Below are records with pictures; copy word for word only the lines between the line with "色:コーヒーシャツ,グレーのシャツ,コーヒーベスト,黒のベスト" and the line with "In der Abteilung", inclusive, and drop the pictures.

**** DATASET ENTRIES ****

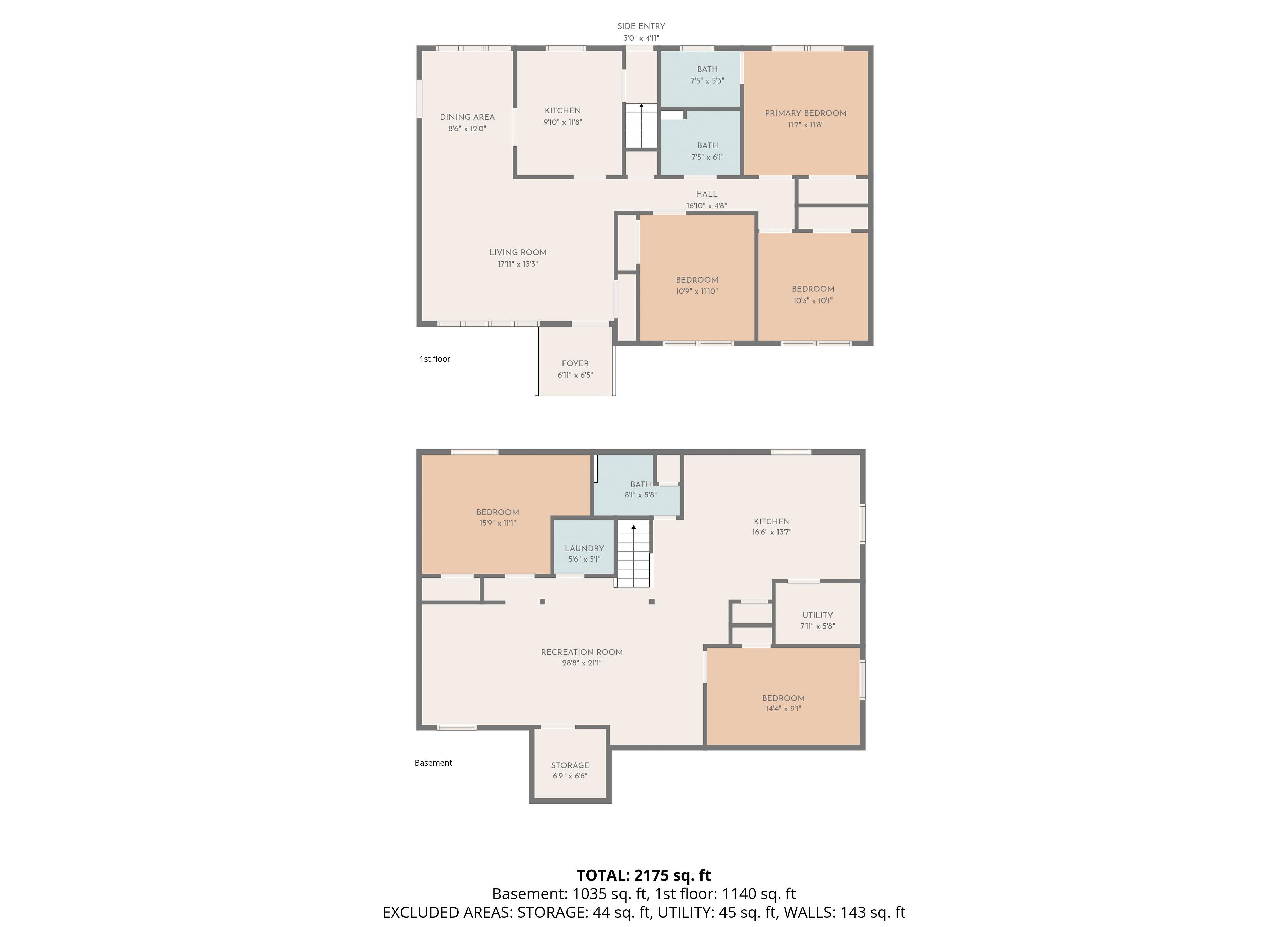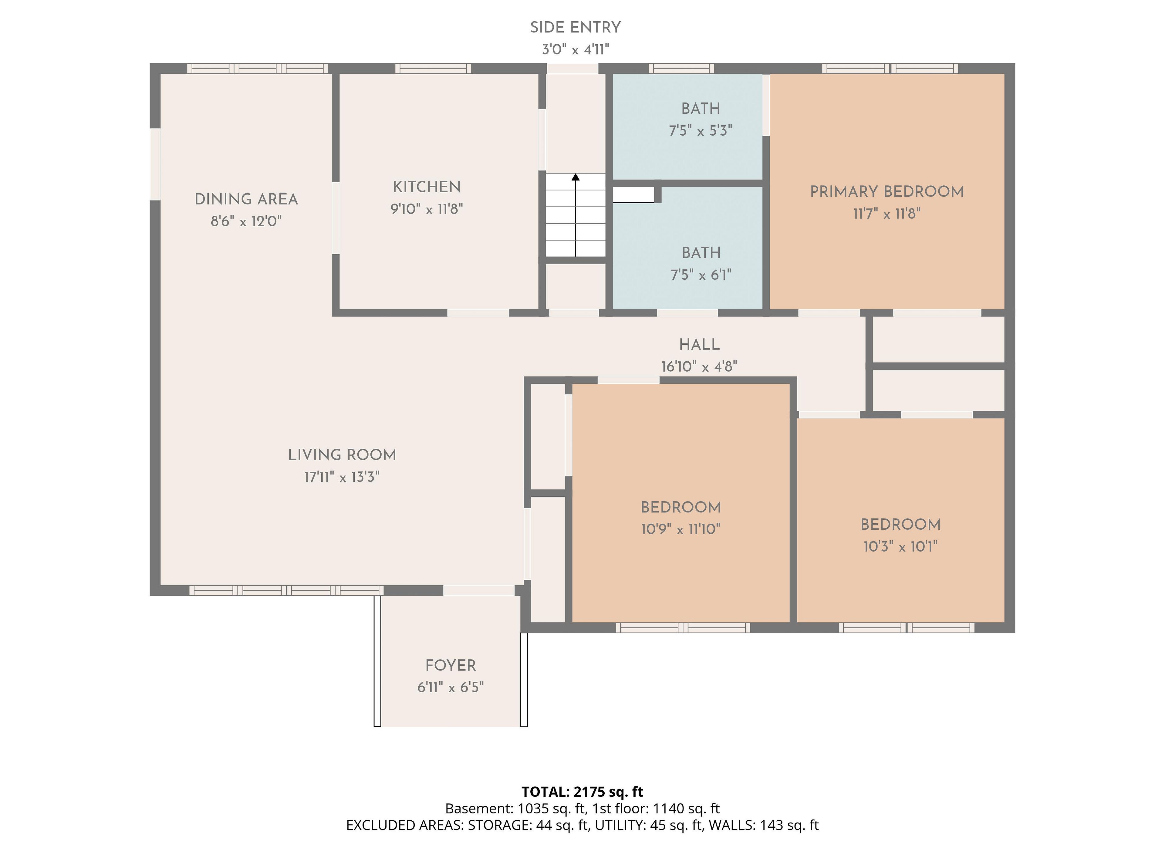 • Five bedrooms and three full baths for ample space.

****
**** DATASET ENTRIES ****

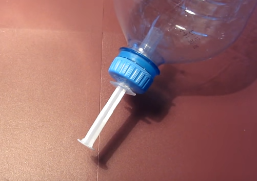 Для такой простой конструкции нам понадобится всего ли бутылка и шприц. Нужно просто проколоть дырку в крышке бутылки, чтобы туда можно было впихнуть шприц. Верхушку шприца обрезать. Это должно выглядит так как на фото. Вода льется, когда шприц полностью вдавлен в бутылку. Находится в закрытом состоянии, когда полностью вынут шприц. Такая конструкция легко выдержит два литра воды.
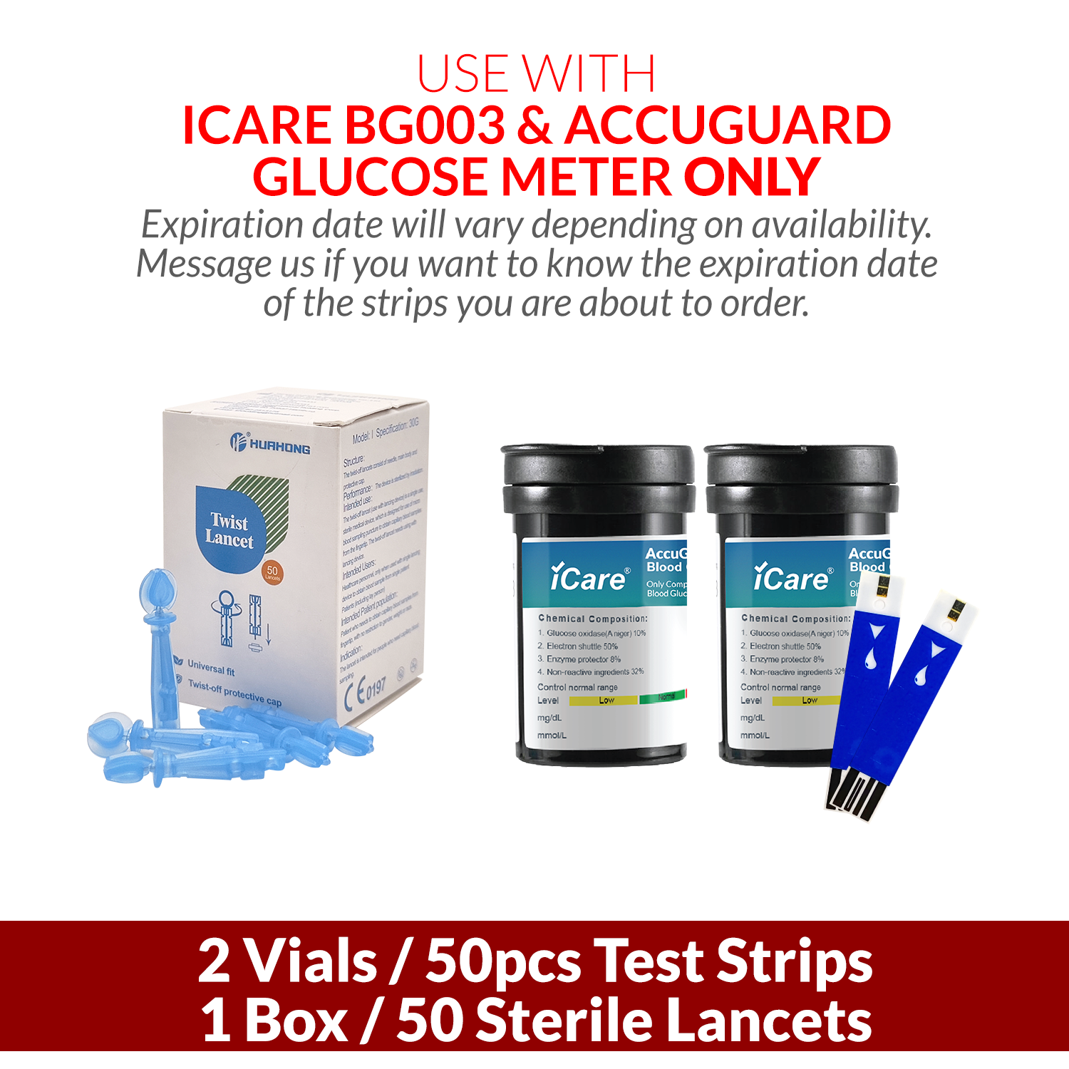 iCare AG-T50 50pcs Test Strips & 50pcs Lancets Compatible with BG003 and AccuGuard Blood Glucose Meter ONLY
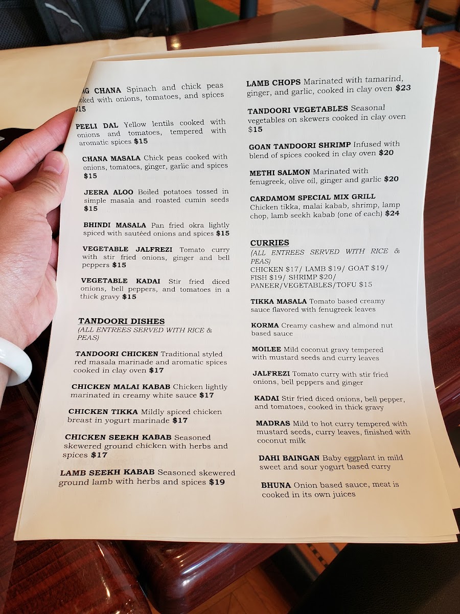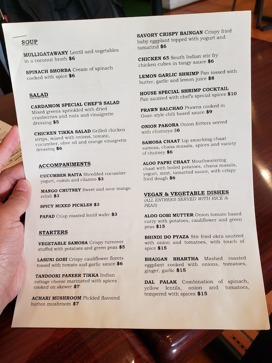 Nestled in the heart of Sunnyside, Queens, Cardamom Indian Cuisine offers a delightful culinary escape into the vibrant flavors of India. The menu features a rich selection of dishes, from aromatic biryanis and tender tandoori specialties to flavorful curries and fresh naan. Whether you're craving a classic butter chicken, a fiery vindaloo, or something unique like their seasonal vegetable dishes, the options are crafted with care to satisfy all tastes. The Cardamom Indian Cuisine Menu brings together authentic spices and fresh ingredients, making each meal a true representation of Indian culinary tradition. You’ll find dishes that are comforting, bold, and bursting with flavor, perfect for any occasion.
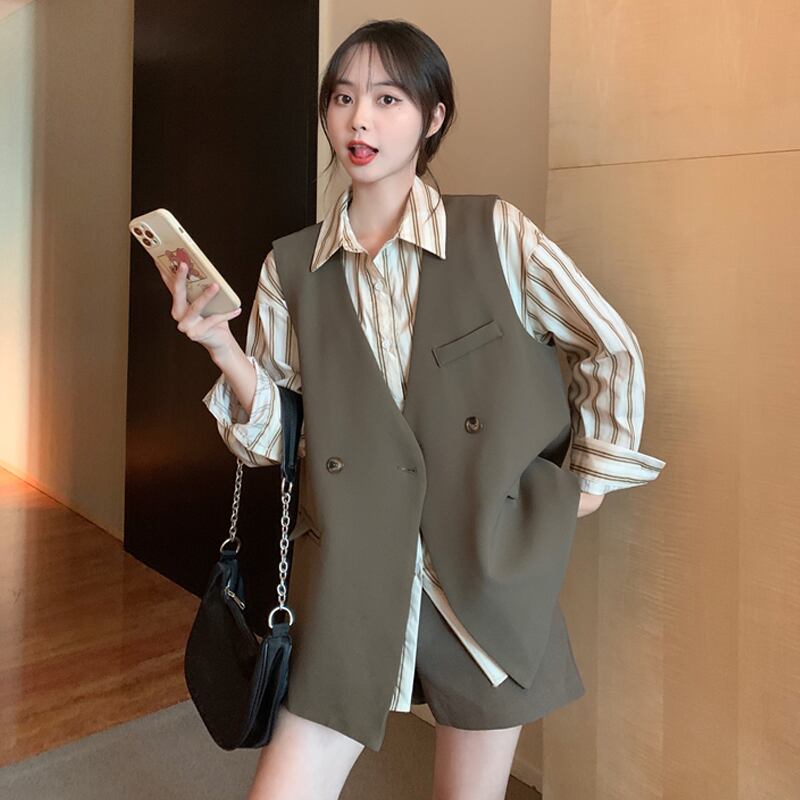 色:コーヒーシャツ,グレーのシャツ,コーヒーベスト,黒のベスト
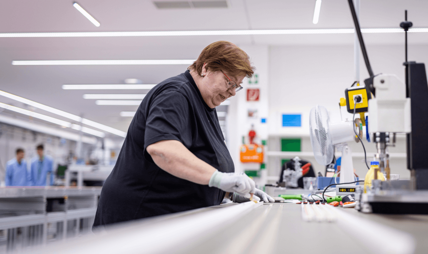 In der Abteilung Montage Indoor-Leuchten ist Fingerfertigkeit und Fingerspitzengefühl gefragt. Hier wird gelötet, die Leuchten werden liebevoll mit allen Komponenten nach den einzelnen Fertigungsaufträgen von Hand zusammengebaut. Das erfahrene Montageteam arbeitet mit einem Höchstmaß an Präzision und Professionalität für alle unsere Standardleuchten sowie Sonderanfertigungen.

****
**** DATASET ENTRIES ****

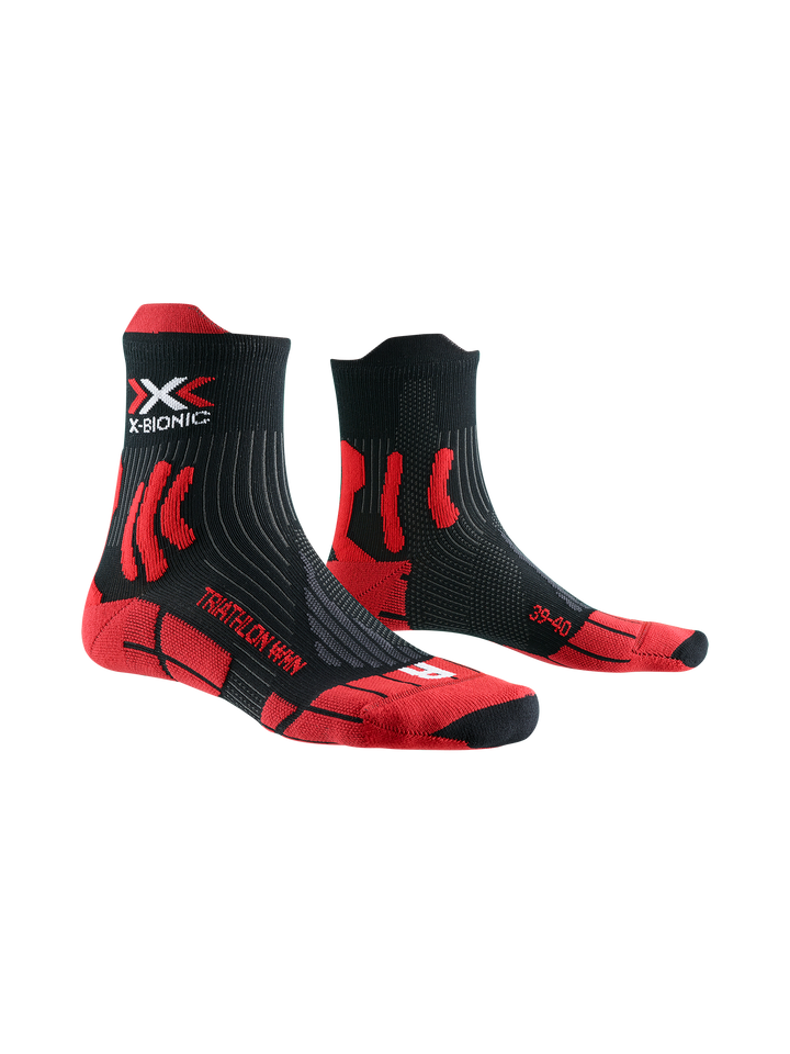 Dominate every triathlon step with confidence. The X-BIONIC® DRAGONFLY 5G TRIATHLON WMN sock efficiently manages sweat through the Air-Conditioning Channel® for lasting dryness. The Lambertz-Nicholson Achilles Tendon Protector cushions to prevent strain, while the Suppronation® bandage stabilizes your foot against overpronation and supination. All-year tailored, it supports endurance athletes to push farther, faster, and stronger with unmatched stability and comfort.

****

» **RESULT BELOW**:
 色:コーヒーシャツ,グレーのシャツ,コーヒーベスト,黒のベスト
 In der Abteilung Montage Indoor-Leuchten ist Fingerfertigkeit und Fingerspitzengefühl gefragt. Hier wird gelötet, die Leuchten werden liebevoll mit allen Komponenten nach den einzelnen Fertigungsaufträgen von Hand zusammengebaut. Das erfahrene Montageteam arbeitet mit einem Höchstmaß an Präzision und Professionalität für alle unsere Standardleuchten sowie Sonderanfertigungen.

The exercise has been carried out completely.